_WHAT THE TASK ASKS_. Only these lines of the data below are wanted: the one with "Subject of photo: Commercial", the one with "Property across the", and any lines between them, each repeated exactly.

_INFORMATION SUPPLIED_.

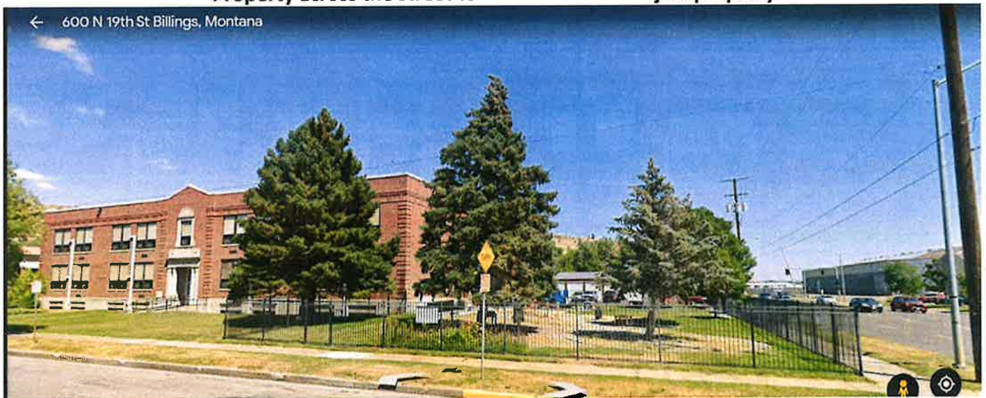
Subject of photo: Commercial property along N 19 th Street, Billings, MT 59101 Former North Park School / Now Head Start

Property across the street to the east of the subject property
...
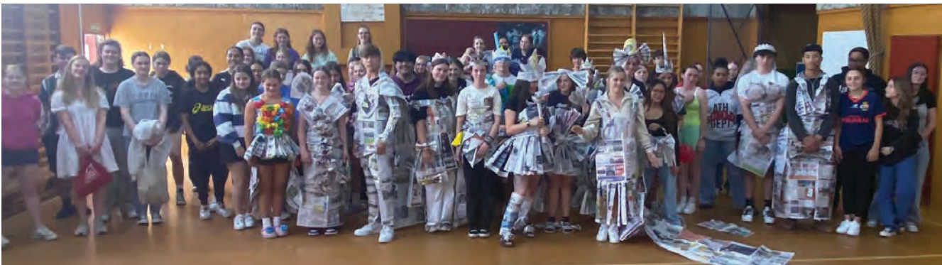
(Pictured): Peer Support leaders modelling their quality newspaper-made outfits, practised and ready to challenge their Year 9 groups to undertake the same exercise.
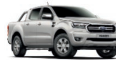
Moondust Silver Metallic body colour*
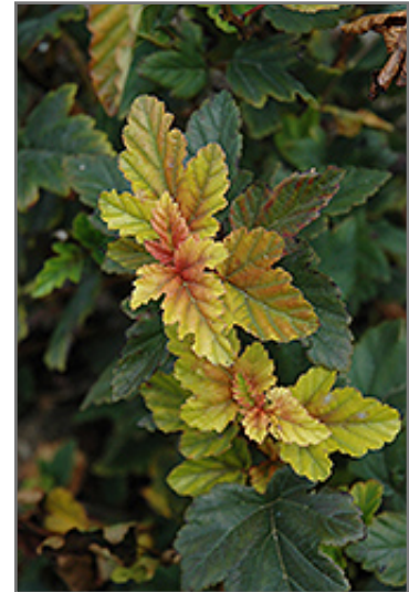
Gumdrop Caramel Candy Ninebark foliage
--
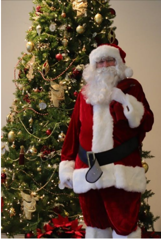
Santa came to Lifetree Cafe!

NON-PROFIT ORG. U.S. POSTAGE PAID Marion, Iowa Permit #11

_RESPONSE BELOW_.
Subject of photo: Commercial property along N 19 th Street, Billings, MT 59101 Former North Park School / Now Head Start

Property across the street to the east of the subject property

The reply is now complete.